[DATA IN THIS EXERCISE]:
+-------+
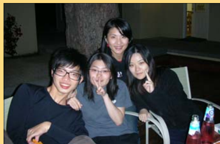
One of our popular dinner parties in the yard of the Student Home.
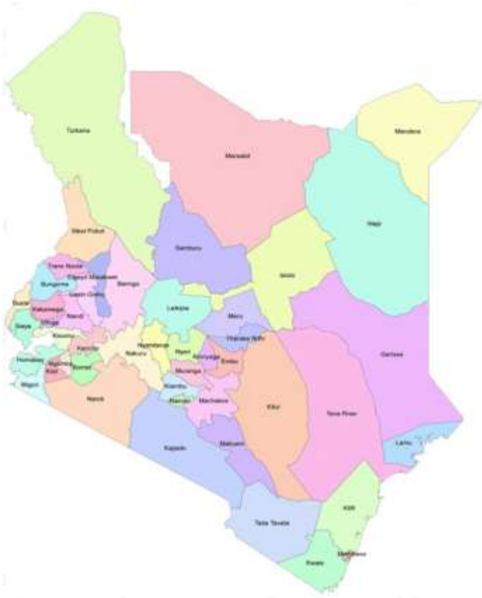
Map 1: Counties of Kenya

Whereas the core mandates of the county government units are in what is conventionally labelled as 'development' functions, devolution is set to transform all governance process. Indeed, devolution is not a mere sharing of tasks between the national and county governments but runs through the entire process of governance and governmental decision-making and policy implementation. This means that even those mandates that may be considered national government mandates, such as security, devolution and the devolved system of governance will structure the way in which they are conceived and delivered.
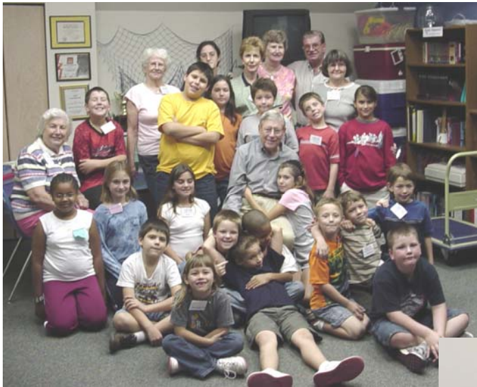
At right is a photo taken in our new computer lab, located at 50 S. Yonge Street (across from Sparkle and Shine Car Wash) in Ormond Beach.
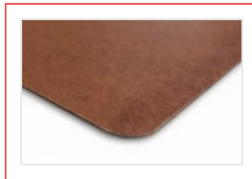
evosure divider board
+-------+
[HOW TO COMPLETE THIS TASK]:
Although the entries contain pictures, reproduce only the rest, exactly as written.

[WRITTEN RESPONSE]:
One of our popular dinner parties in the yard of the Student Home.
Map 1: Counties of Kenya

Whereas the core mandates of the county government units are in what is conventionally labelled as 'development' functions, devolution is set to transform all governance process. Indeed, devolution is not a mere sharing of tasks between the national and county governments but runs through the entire process of governance and governmental decision-making and policy implementation. This means that even those mandates that may be considered national government mandates, such as security, devolution and the devolved system of governance will structure the way in which they are conceived and delivered.
At right is a photo taken in our new computer lab, located at 50 S. Yonge Street (across from Sparkle and Shine Car Wash) in Ormond Beach.
evosure divider board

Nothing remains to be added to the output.